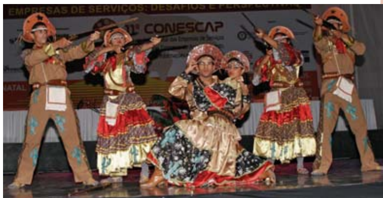
Apresentação do grupo de dança Natal Internacional Show

Antes de iniciar a solenidade, os presentes assistiram à apresentação do vídeo institucional da Fenacon, que mostrou as atividades desenvolvidas pela entidade na atual gestão, e o vídeo com a retrospectiva das dez edições da Conescap, produzido pela Prosoft, empresa patrocinadora de todas as convenções anteriores. ●
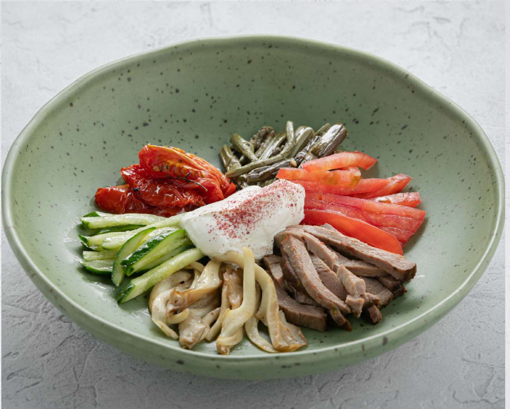
САЛАТ С ПАПОРТНИКОМ И КОПЧЕНОЙ СМЕТАНОЙ *
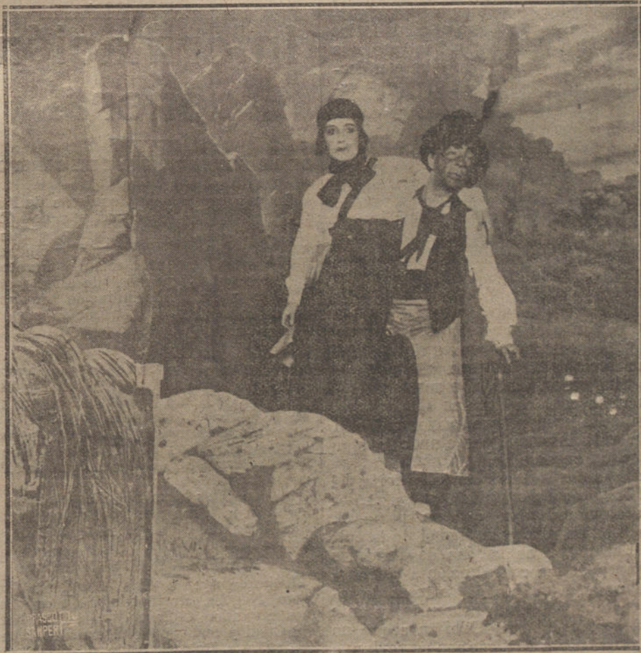
Una escena de «Los hombrécitos», obra que se estrena esta noche en el teatro de Novedades.

Desayuno: Café con leche y pan. Comida. —Sopa de sémola con pan frito cocido a la madrileña y pescadilla en abanico. Postre: Requesón del tiempo.
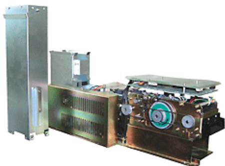
Диспенсер на 500 карт

Устройство выдачи карточек (диспенсер) обычно имеет емкость не более 500 карт, отдельные модели — до 1000 карт.
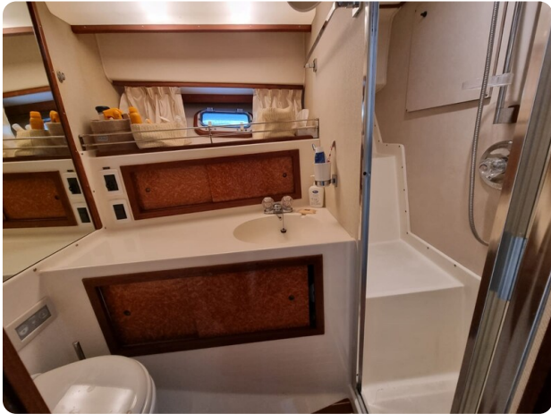
Bertram 35 bathroom
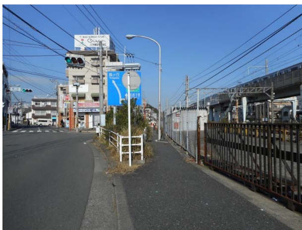
矢部町 232～291 番地付近における道路拡幅工事の状況（11月18日撮影）
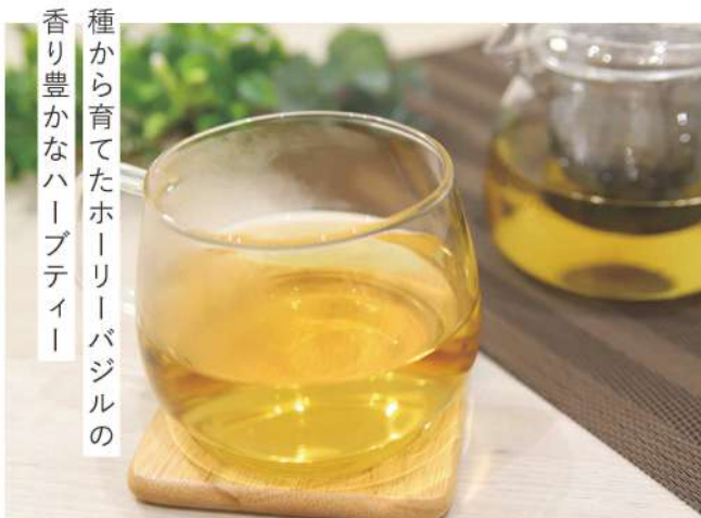
種から育てたホーリーバジルの 香り豊かなハーブティー
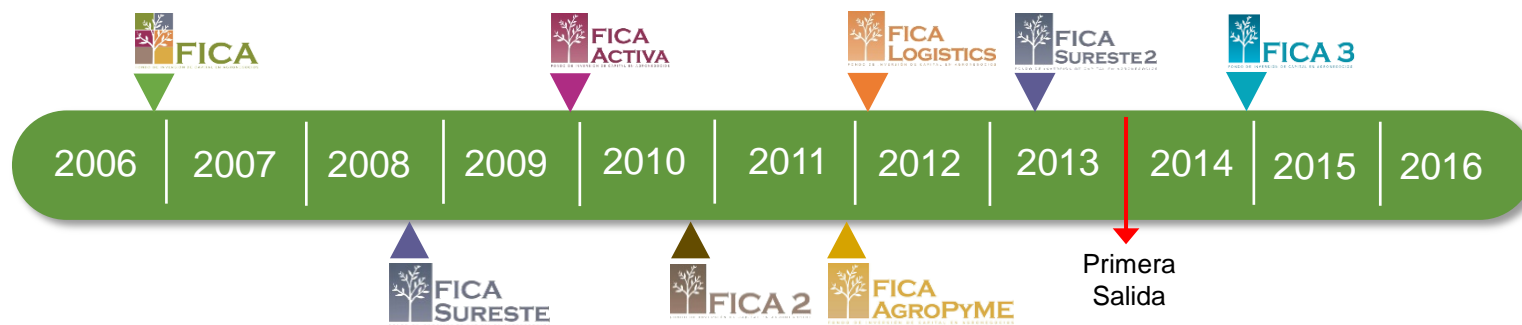
Ciclo de vida de los FICAS:
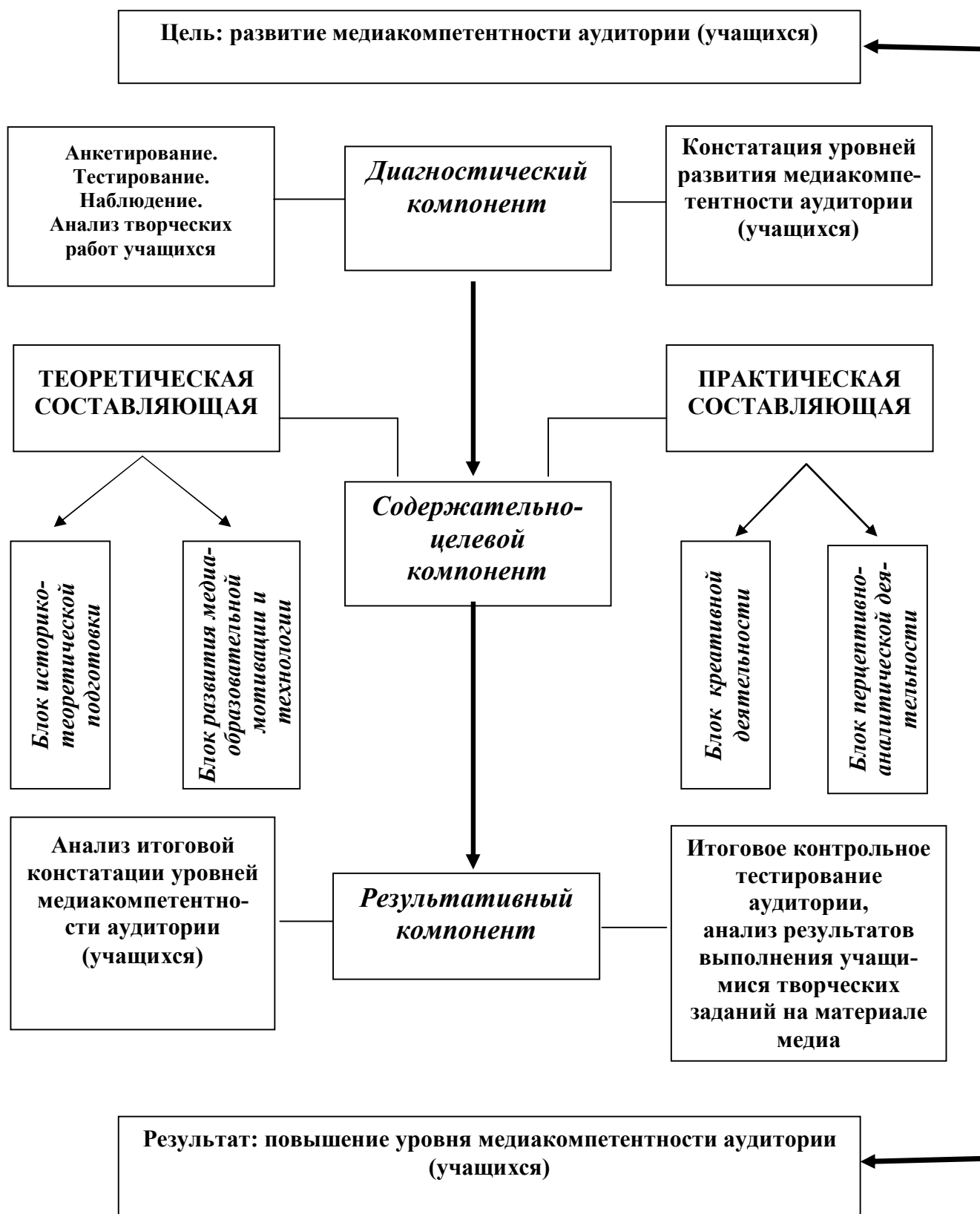
Рис. 1. Светская модель медиаобразования

Основа: синтез социокультурной, культурологической и практико-утилитарной теорий медиаобразования
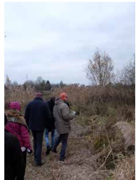
Zone d'inondation temporaire co-gérée par la province et Natuurpunt à Hoenshoven (Limbourg).

Ces journées de terrain hors des frontières wallonnes explorent des approches similaires, complémentaires, voire inédites par rapport à celles menées en Wallonie.
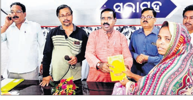
ବିଧାୟକ ଜଣେ ହିତାଧିକାରୀଙ୍କୁ ଭବା ବନ୍ଧନ କରୁଛନ୍ତି।
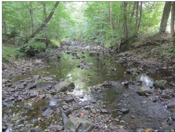
Foto č. 5: Krounka v profilu hráze, pohled proti proudu, srpen 2016
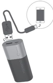
CARGA TU DISPOSITIVO

• **Exercise objective**: Within the material above, find every line containing the word "медиаобразования" and copy it.

• **Expected output**:
Рис. 1. Светская модель медиаобразования
Основа: синтез социокультурной, культурологической и практико-утилитарной теорий медиаобразования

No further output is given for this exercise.